Magnetization transfer (MT) imaging (MTI) provides a method to investigate the properties of protons that are bound to macromolecules in tissue. MTI has been used in clinical applications to investigate pathology-induced changes in tissue characteristics, such as multiple sclerosis (MS) white matter lesions, dementia, traumatic brain injury, and tumors, or to augment the contrast or visibility of low-MT tissue, such as blood in MR angiography. Recently, MTI has been shown as a promising technique to characterize tissue fibrosis.

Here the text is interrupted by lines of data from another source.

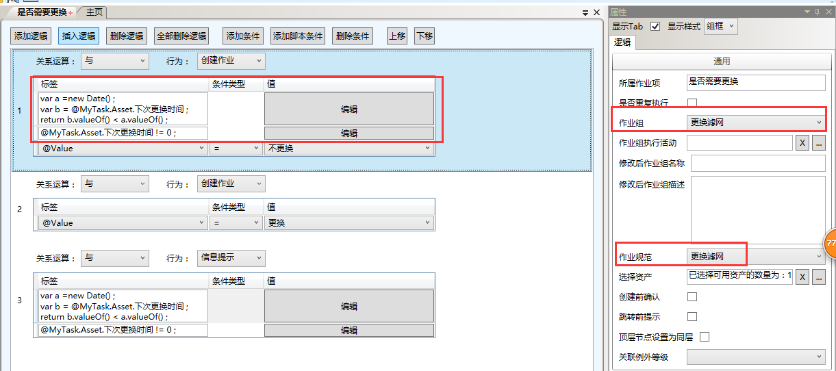 那这两个任务也是由流程后函数产生的,根据作业组属性验定资产信息创建任务。
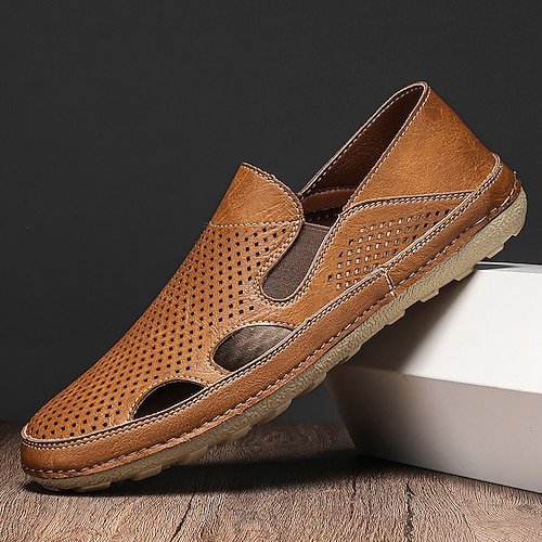 Sandali estivi da uomo in similpelle traspiranti, marroni, comodi, ideali per la spiaggia, le vacanze e il tempo libero.
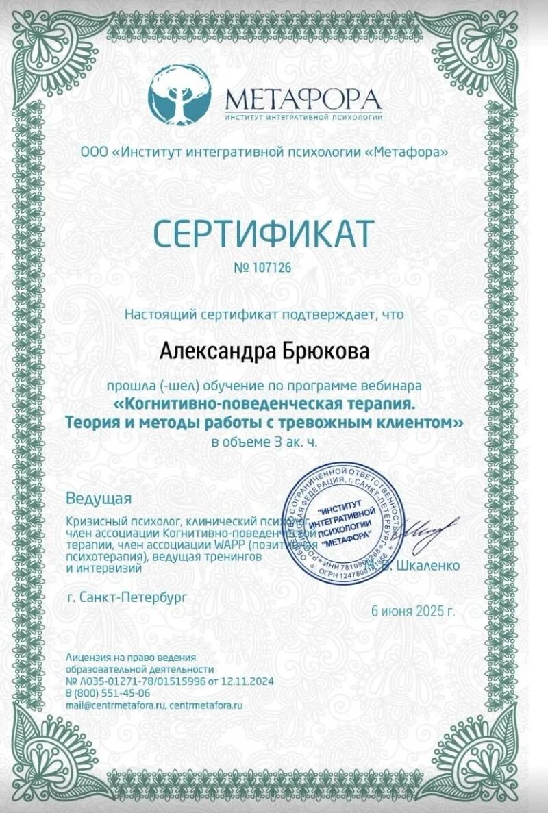 - Институт интегративной психологии «Метафора», когнитивно-поведенческая терапия, теория и методы работы с тревожным клиентом, 2025 г.
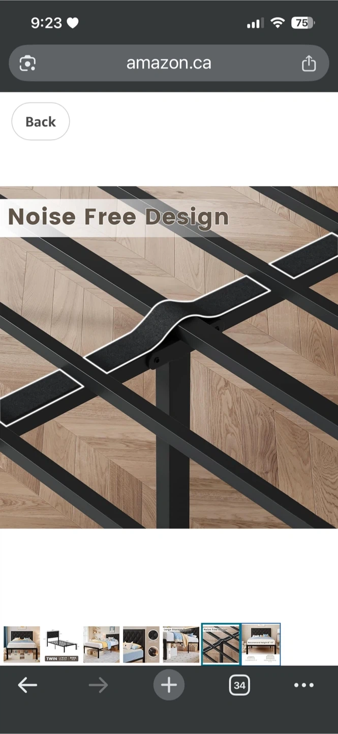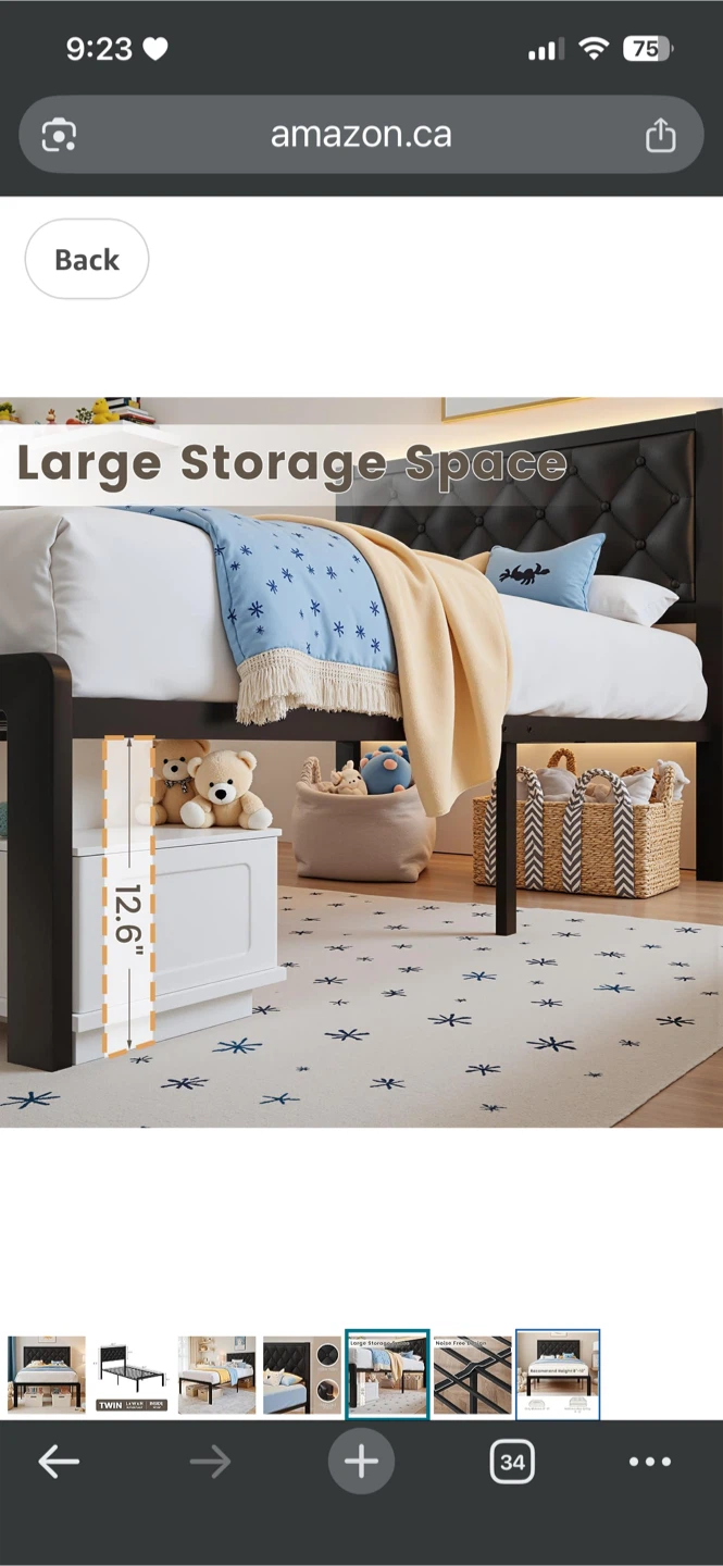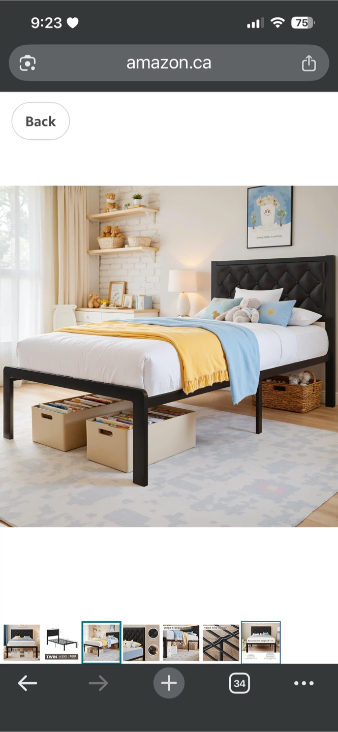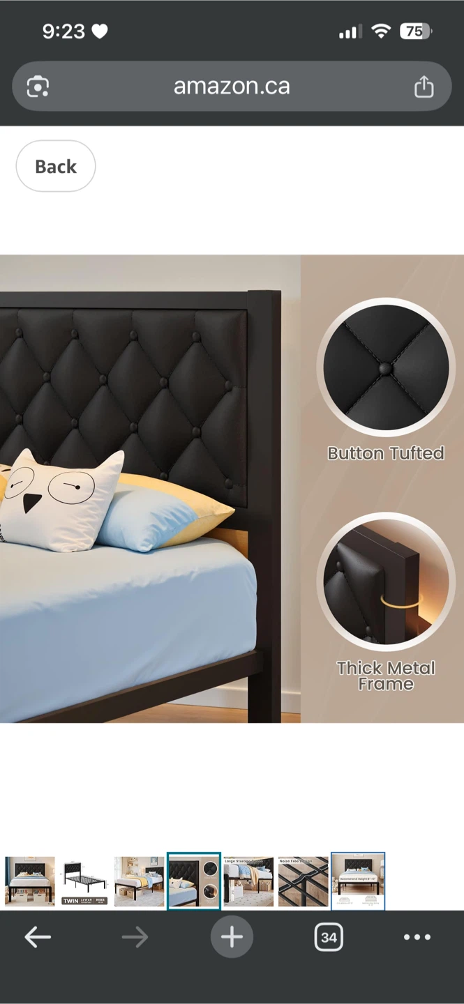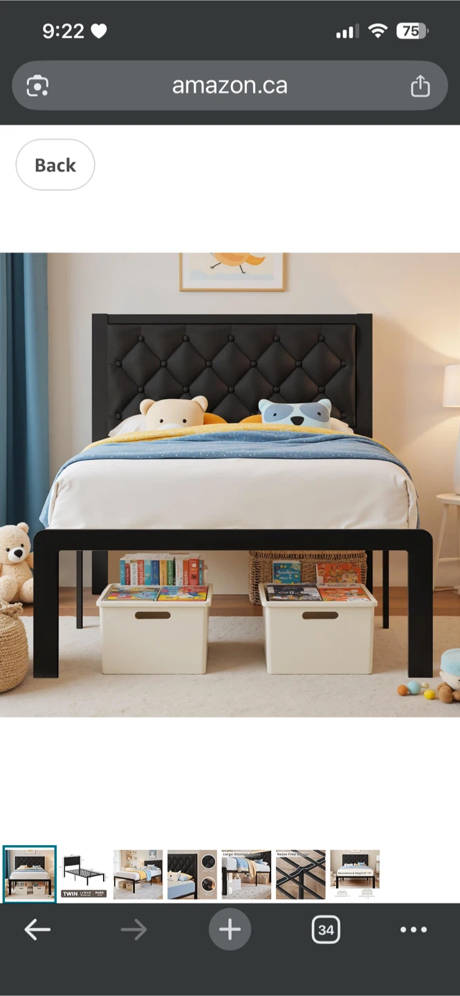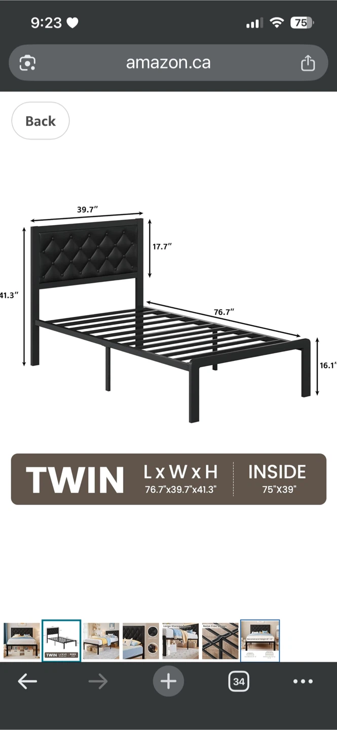 Selling a twin / single size bed frame! It's a black metal frame with a button tufted headboard. It’s unassembled in the box, too late for me to return after I bought the wrong one
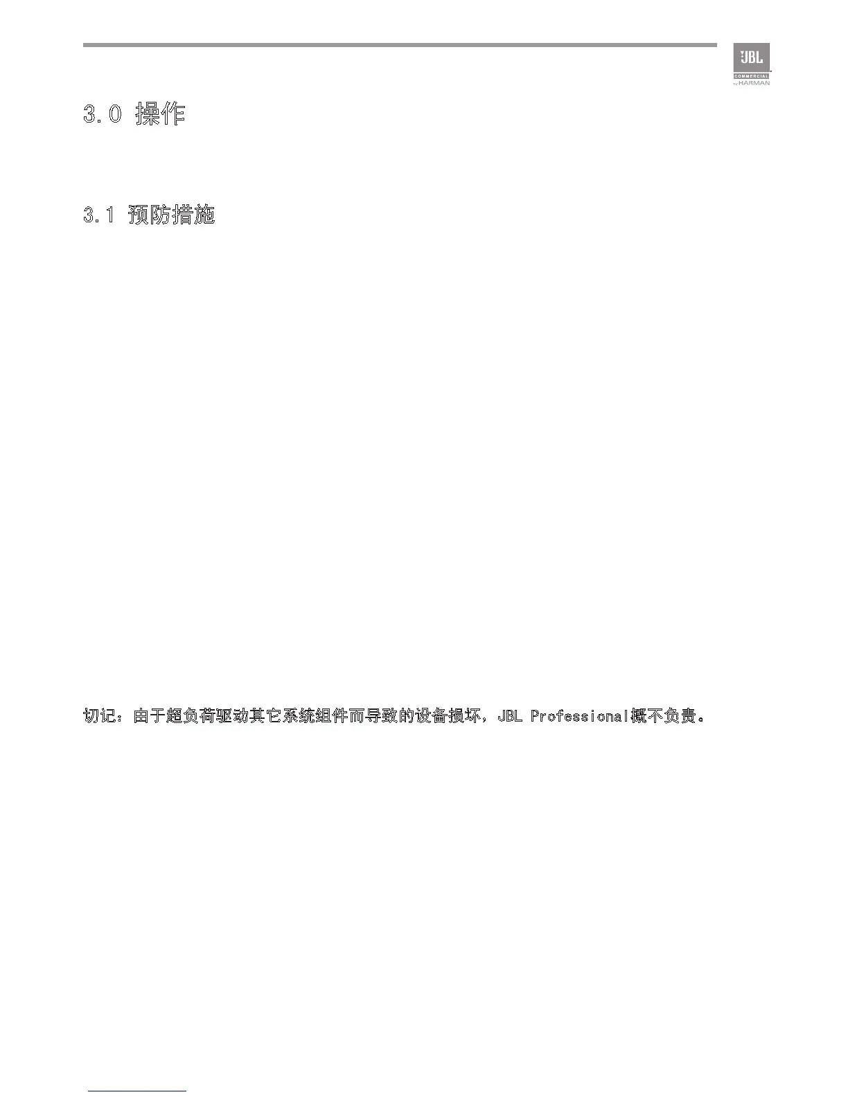 切记:由于超负荷驱动其它系统组件而导致的设备损坏,JBL Professional概不负责。
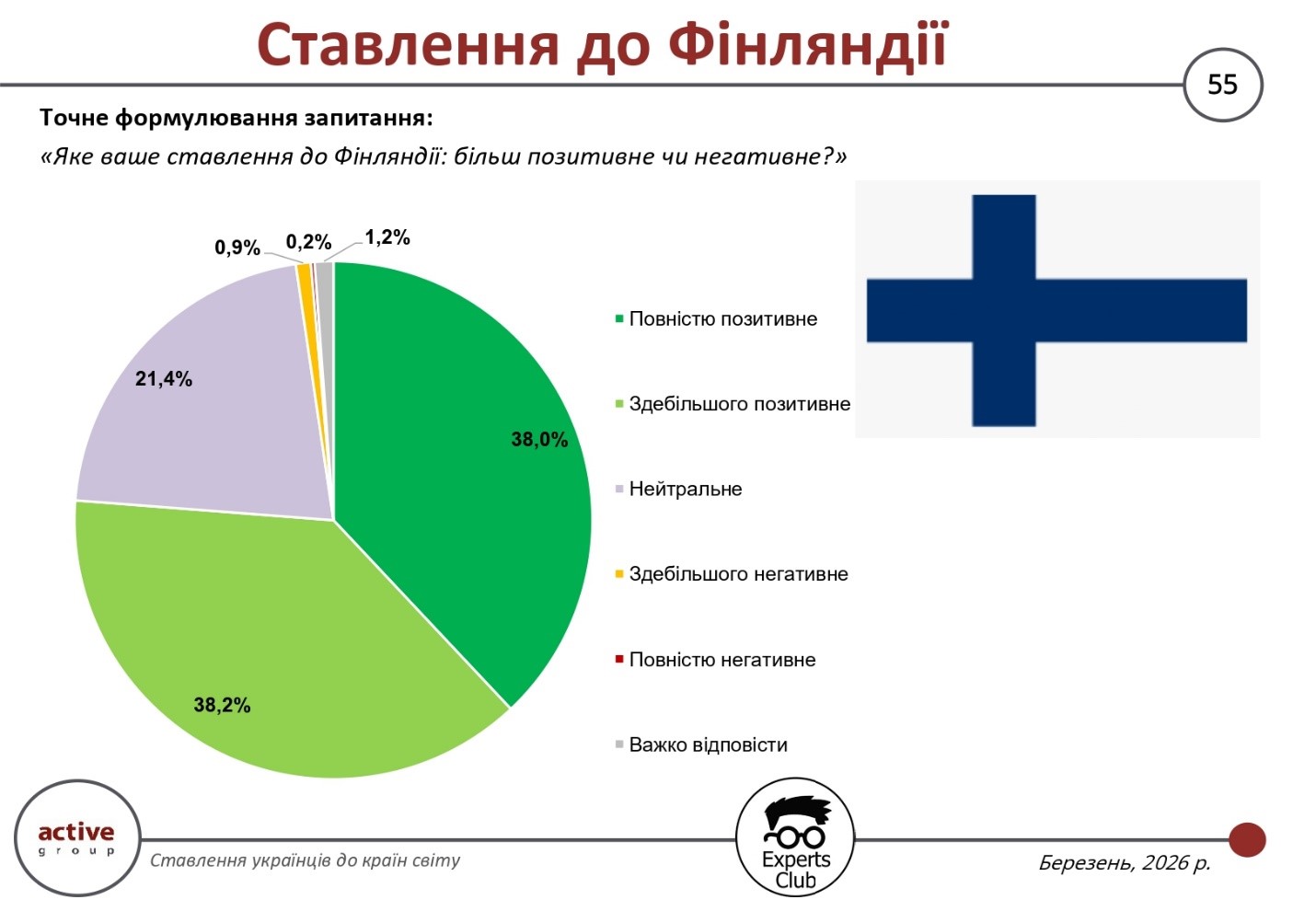 Фінляндія входить до групи держав, які користуються стабільно високим рівнем довіри серед українців. За результатами дослідження, проведеного у березні 2026 року компанією Active Group спільно з інформаційно-аналітичним центром Experts Club, позитивне ставлення до цієї країни становить 76,2%, що свідчить про її стійкий позитивний імідж в українському суспільстві. Водночас частка негативних оцінок є мінімальною — лише близько 1,1%, що фактично перебуває в межах статистичної похибки.
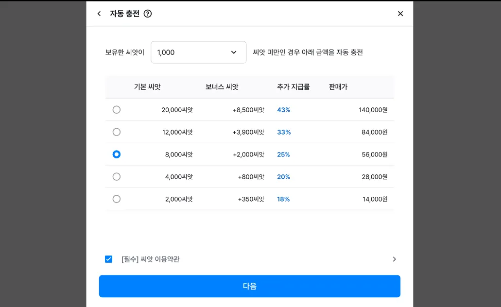 4) 카드 등록이 완료되면 충전 수량을 선택할 수 있습니다. 선택 후 [다음] 버튼을 눌러주세요.
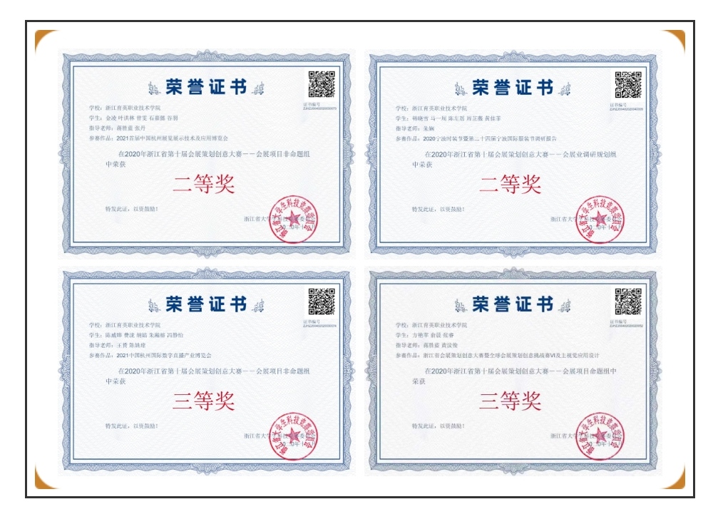 获奖成绩:2020年浙江省第十届会展策划创意大赛--会展项目非命题组三等奖
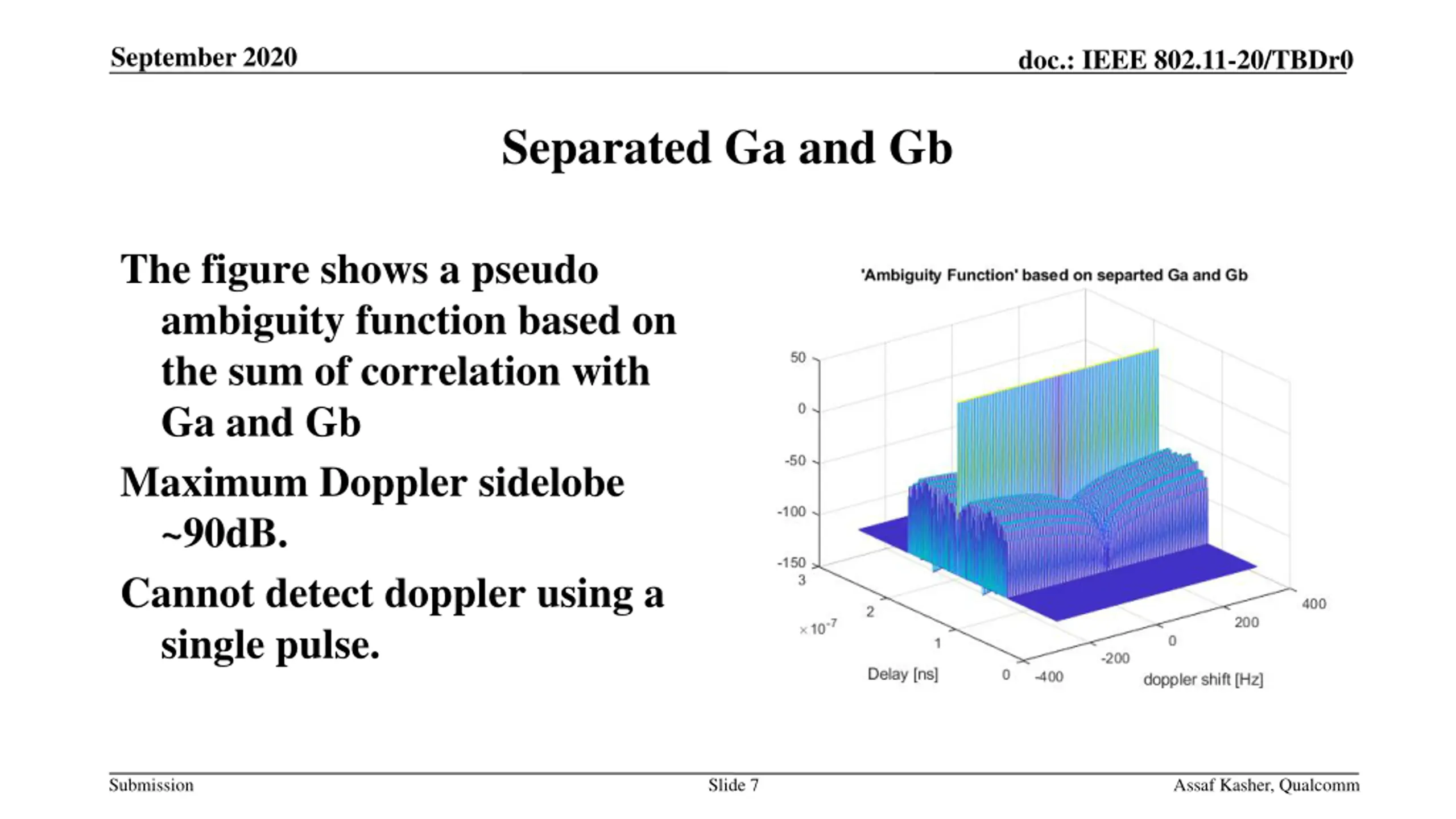 September 2020 doc.: IEEE 802.11-20/TBDr0 Separated Ga and Gb The figure shows a pseudo ambiguity function based on the sum of correlation with Ga and Gb Maximum Doppler sidelobe ~90dB. Cannot detect doppler using a single pulse. Submission Slide 7 Assaf Kasher, Qualcomm
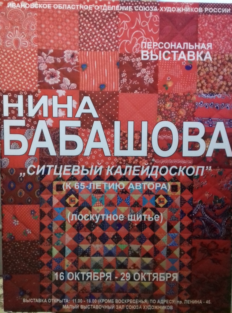 15 октября в Ивановском отделении Союза художников России открылась персональная выставка народного мастера Ивановской области Нины Бабашовой «Ситцевый калейдоскоп», выставка посвященная 65-летию мастерицы и 25-летию выставочной деятельности. На ней представлены известные и новые, сшитые в этом году, лоскутные панно, посвящённые отдельным текстильным предприятиям Ивановского региона, а также художникам по ткани В. Колесову, Л. Зиминой, М. Тощевой.
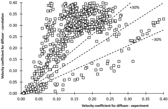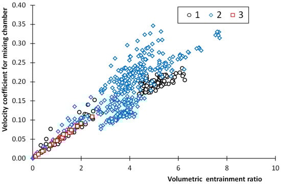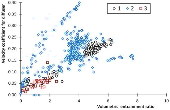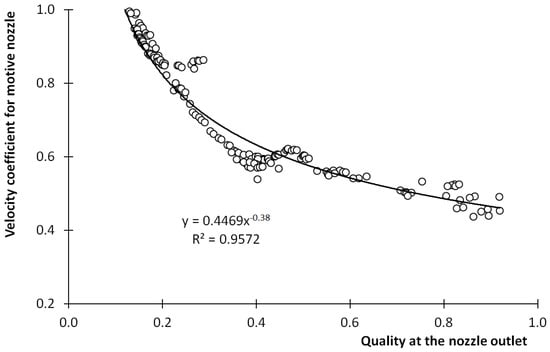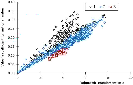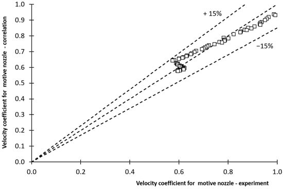 - Based on the experimental results of the ejector with various geometry described by the geometrical parameters Λ and Ψ, the correlations of the velocity coefficients of the components of the ejector were proposed. The quality of fluid x in the case of the motive nozzle and the volumetric entrainment ratio χ for other ejector components were selected as the parameters that affect, to the maximum extent, the experimentally obtained velocity coefficients. For the components of the ejector, the velocity of the coefficients lower than 0.4 was obtained for the tested ejector and operation conditions. Except for the motive nozzle, the linear proportional relationship between the velocity coefficient and entrainment ratio was found. The numerical results based on the proposed correlations fit with the experimental data within 30%.
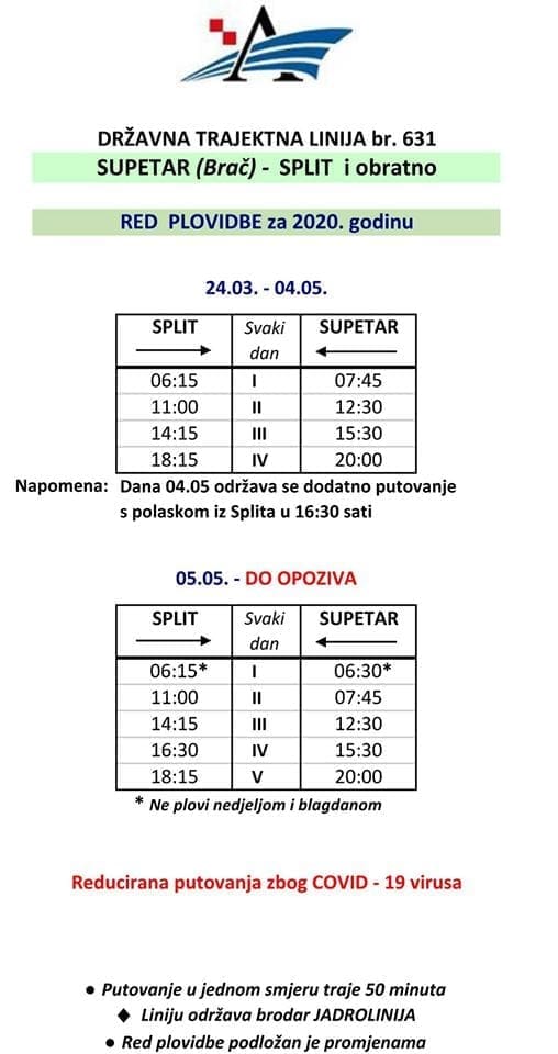 Temeljem članka 55. Zakona o prijevozu u linijskom i povremenom obalnom pomorskom prometu (NN 33/06, 38/09, 87/09,18/11, 80/13, 56/16 i 121/19) Agencija za obalni linijski pomorski promet izdaje SUGLASNOST za izmjenu reda plovidbe u državnoj trajektnoj liniji 631 Supetar - Split i obratno na način da će se umjesto 4 polazno - povratna putovanja dnevno održavati 5 polazno - povratnih putovanja dnevno.

In MTI, off-resonance RF pulses (e.g., a widely applied Gaussian RF pulse) are dominantly used with a bandwidth of several hundred hertz (Hz) and typically applied at a frequency offset at least 1 kHz from the mobile water peak to minimize direct saturation. To achieve off-resonance saturations of bound water spins within a large frequency range, the bandwidth of the MT RF pulses has to be increased. A consequence of the increased bandwidth is an undesired augmentation of direct saturation, unless the MT pulses are shifted further away from the mobile water. However, shifting the MT pulses further off-resonance has several disadvantages, including a decreased ability to saturate bound spins close to water and reduced MT contrast.
Furthermore, in a traditional MTI, the MT pulses are typically only applied with an offset frequency on one side of the mobile water peak (i.e., asymmetrical). It is well known that MT contrast in tissue can be asymmetric. To achieve a complete assessment of the pathology-induced MT effects from bound water spins with off-resonance frequencies both lower and higher than the mobile water peak, two MTI scans have to be performed, each applying an MT pulse with an offset on either side of the mobile water frequency, or the MT preparation has to be performed two times with two opposite frequency offsets before the imaging readout. Although the latter approach is more efficient than the first one, it prolongs time response and increases preparation waiting time and imaging readout time, with its MT contrast less optimal than that using the multi-banded RF pulses.